Important note: By recommending the use of these macros, WG21 is not making any feature optional; the absence of a definition for the relevant feature-test macro does not make an implementation that lacks a feature conform to a standard that requires the feature. However, if implementers and programmers follow these recommendations, portability of code between real-world implementations should be improved.
To a first approximation, a feature is identified by the WG21 paper in which it is specified, and by which it is introduced into the working draft of the standard. Not every paper introduces a new feature worth a feature-test macro, but every paper that is not just a collection of issue resolutions is considered a candidate; exceptions are explicitly justified.
For C++14, it is preferred for the feature-test macro to be named using some combination of words from the title of the paper. In the future, it is hoped that every paper will include its own recommendations concerning feature-test macro names.
The value specified for a feature-test macro is based on the month in which the feature is voted into the working draft. In a case where a feature is subsequently changed in a significant way, but arguably remains the same feature, the value of the macro can be changed to indicate the “revision level” of the specification of the feature. However, in most cases it is expected that the presence of a feature can be determined by the presence of any non-zero macro value; for example:
#if __cpp_binary_literals int const packed_zero_to_three = 0b00011011; #else int const packed_zero_to_three = 0x1B; #endif
Note: There are cases where the decision between adding a new macro and changing
the value of an existing macro will be subjective; constexpr
is a good
example.
To avoid the user's namespace, names of macros for language features are prefixed
by “__cpp_
”; for library features, by “__cpp_lib_
”.
A library feature that doesn't introduce a new header is expected to be defined
by the header(s) that implement the feature.

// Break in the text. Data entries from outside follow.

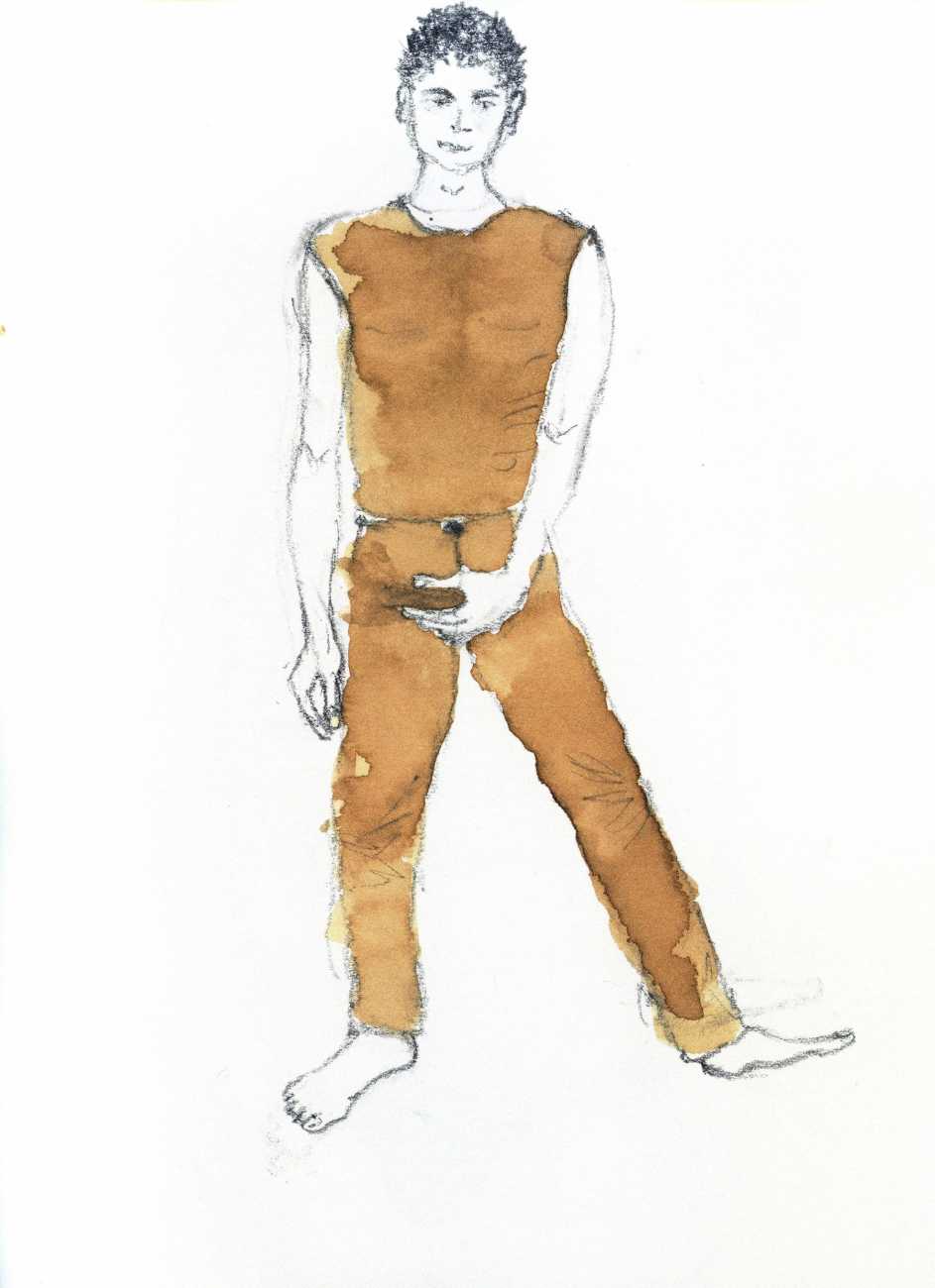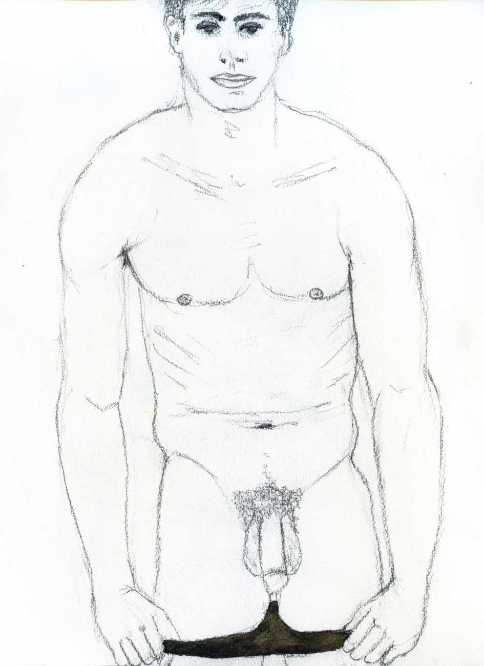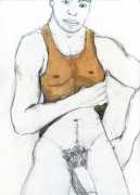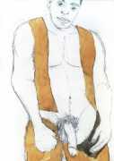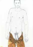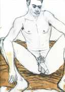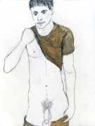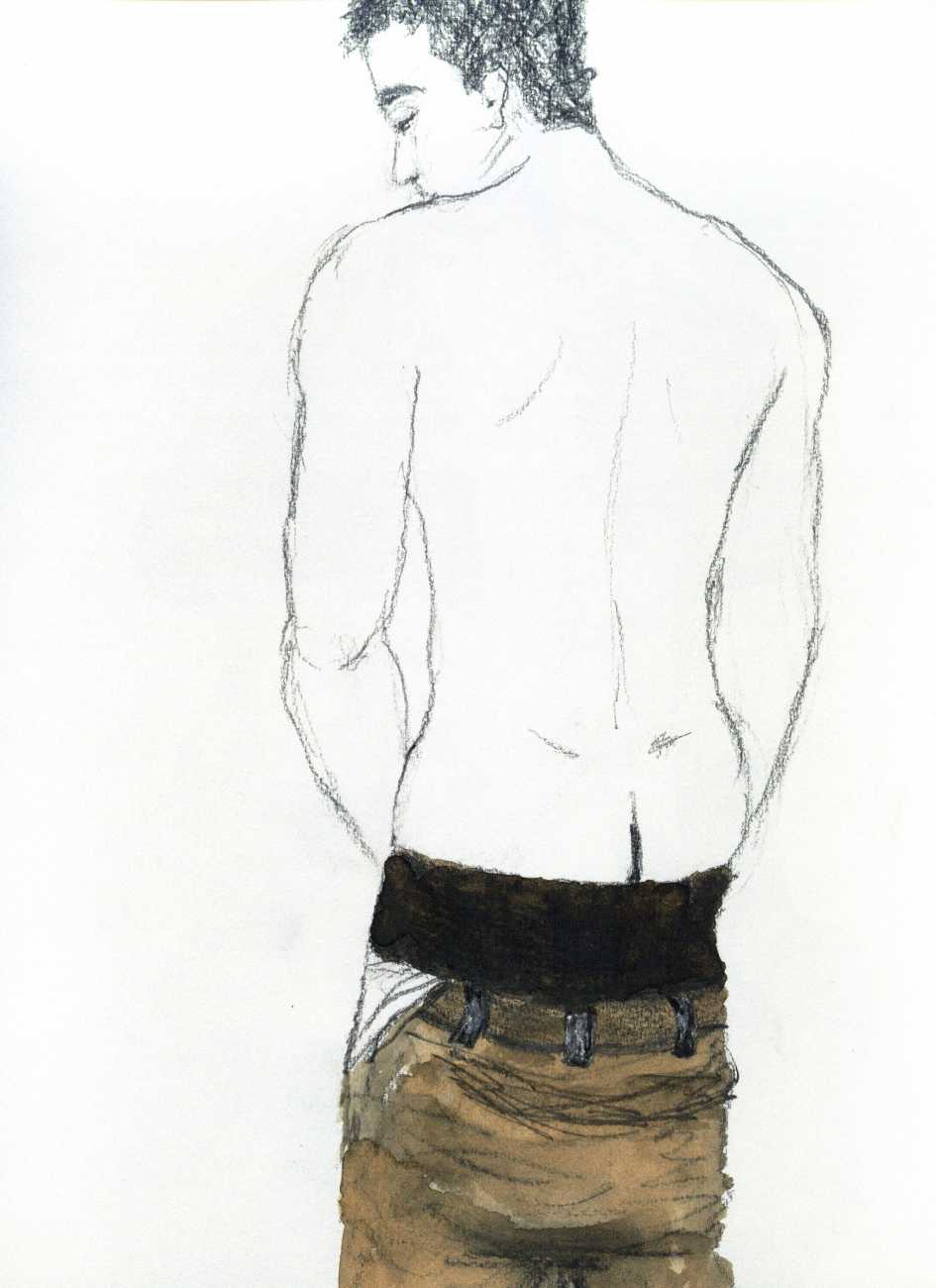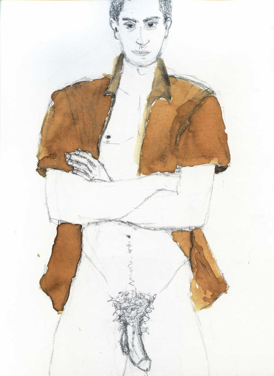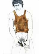 From 1984 until 2011 Dieter Hall lived in New York, and still shares his time between Switzerland and the USA. In 2002 he worked almost exclusively on a series of drawings of young men in various states of undress and arousal, in his hallmark style of showing them full frontal, warts and all. He called this portfolio his ‘coffee drawings’, as he experimented with using coffee as a watercolour medium to highlight the pencil drawings.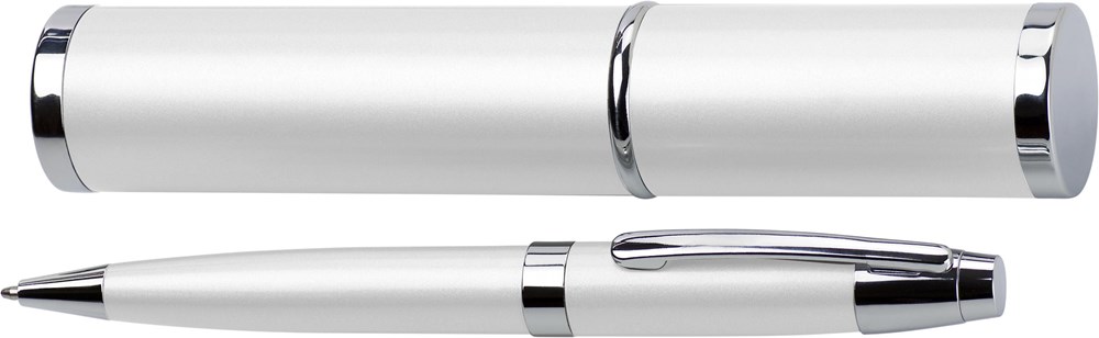 Metalen balpen, zwartschrijvend, met zilverkleurige accessoires, verpakt in een luxe koker. Prijs per stuk, afname per 50 stuks.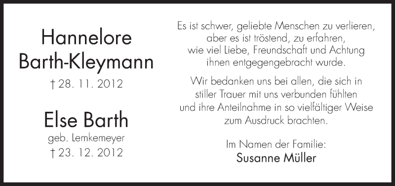 Hier finden Sie alle Traueranzeigen aus der Zeitung, die bisher für Hannelore und Else Barth erschienen sind. Weitere Traueranzeigen, die in der Zeitung erscheinen, werden hier ebenfalls aufgelistet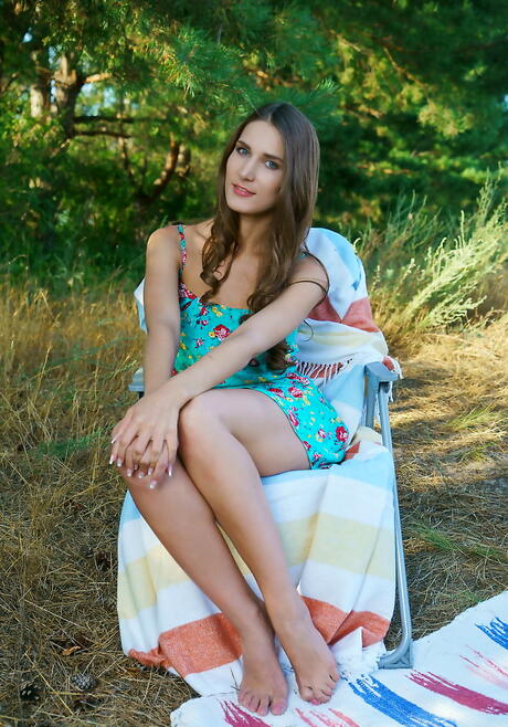 Hot teen Elina in skirt exposes her ass and hairy pussy outdoor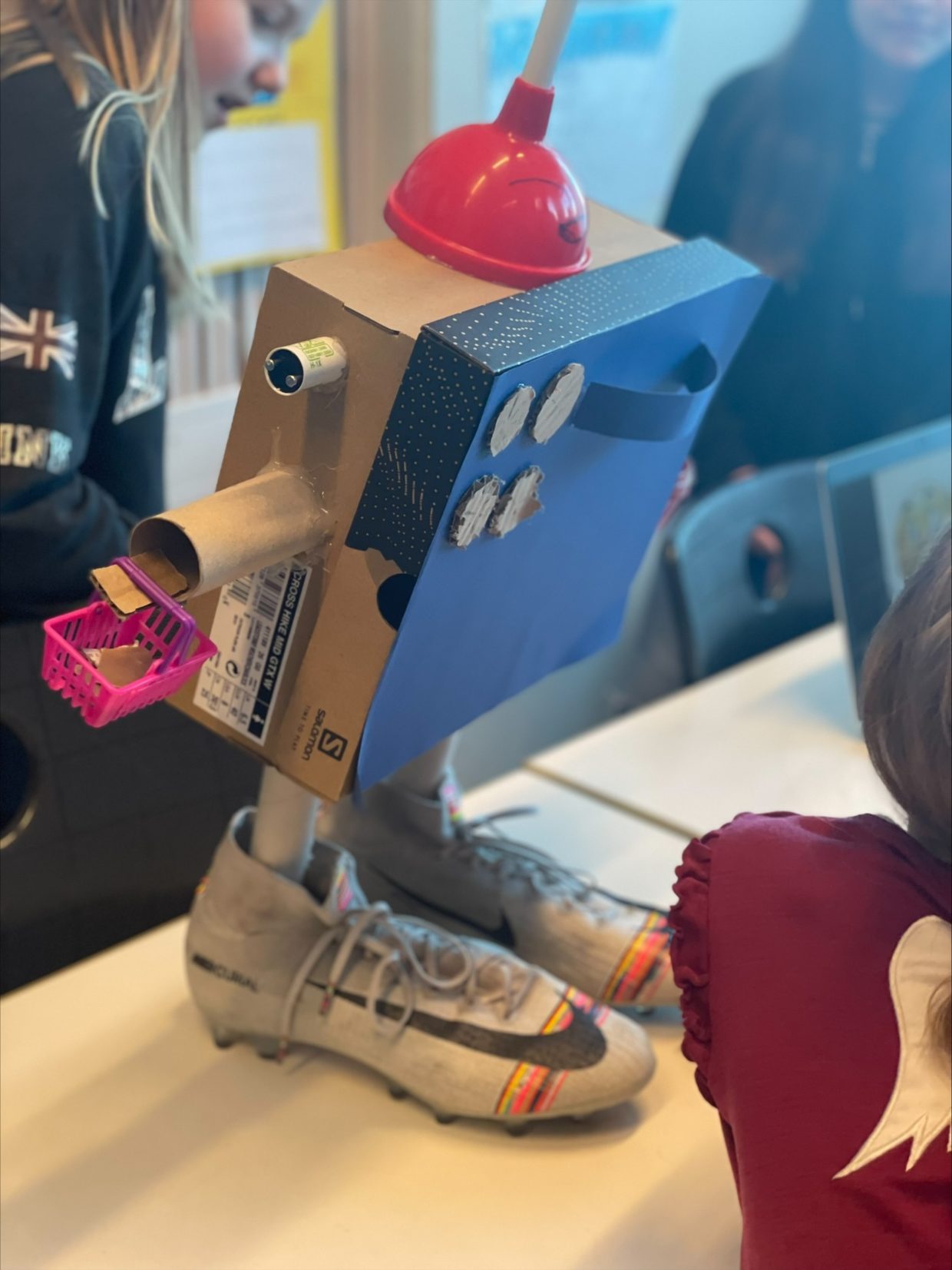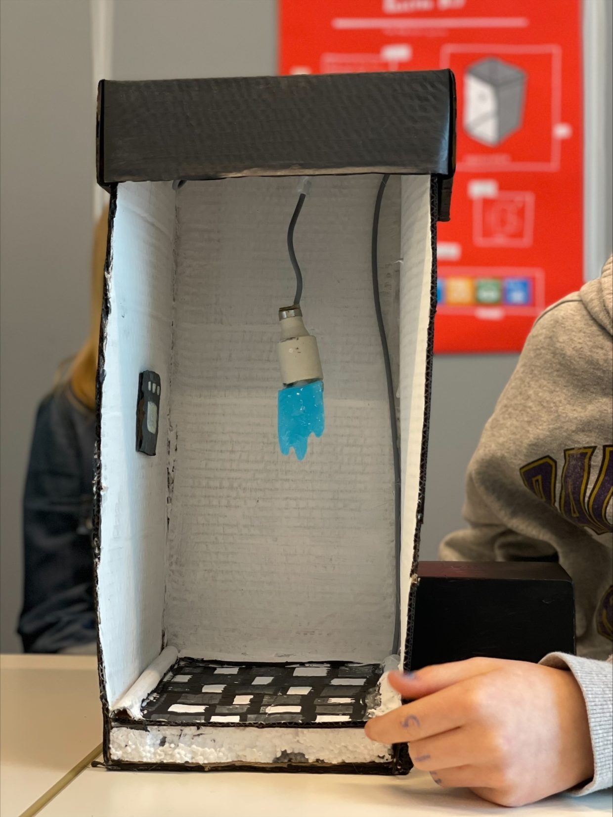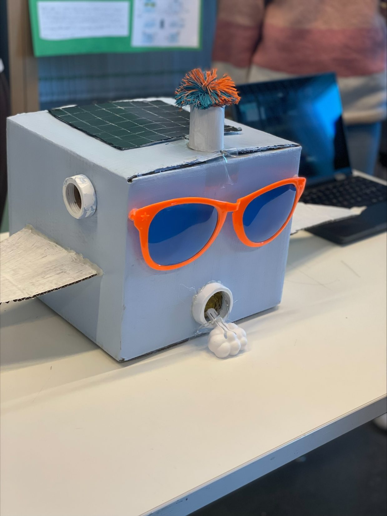 Vi møtte ei engasjert lærergruppe som gledet seg skikkelig til å vise oss hva elevene hadde utviklet. De kunne fortelle at det hadde vært litt frem og tilbake med tilstedeværelse i gruppene på grunn av kovid, og noen hadde fått bare 2 dager fra idefase til ferdig prototyp. Med tanke på de fantastiske løsningene vi fikk presentert, må det tyde på en ting, samarbeid og inkludering! I aller høyeste grad. Her måtte elevene snu på hæla fra dag til dag.

Note: Whether macros for language features and new library headers should be specified as predefined or defined in a new header is still under discussion.
For the sake of improved portability between partial implementations of various C++ standards, WG21 (the ISO technical committee for the C++ programming language) recommends that implementers and programmers follow the guidelines in this document concerning feature-test macros.
Implementers who provide a new feature should define a macro with the recommended name, in the same circumstances under which the feature is available (for example, taking into account relevant command-line options), to indicate the presence of support for that feature.
Programmers who wish to determine whether a feature is available in an implementation should base that determination on the state of the macro with the recommended name. (The absence of a tested feature may result in a program with decreased functionality, or the relevant functionality may be provided in a different way. A program that strictly depends on support for a feature can just try to use the feature unconditionally; on an implementation lacking necessary support, translation will presumably fail.)
The following table itemizes all the changes that were made to the working draft for C++14 as specified in a WG21 technical document. (Changes that were made as specified in a core or library issue are not included.) The table is sorted by the section of the standard primarily affected.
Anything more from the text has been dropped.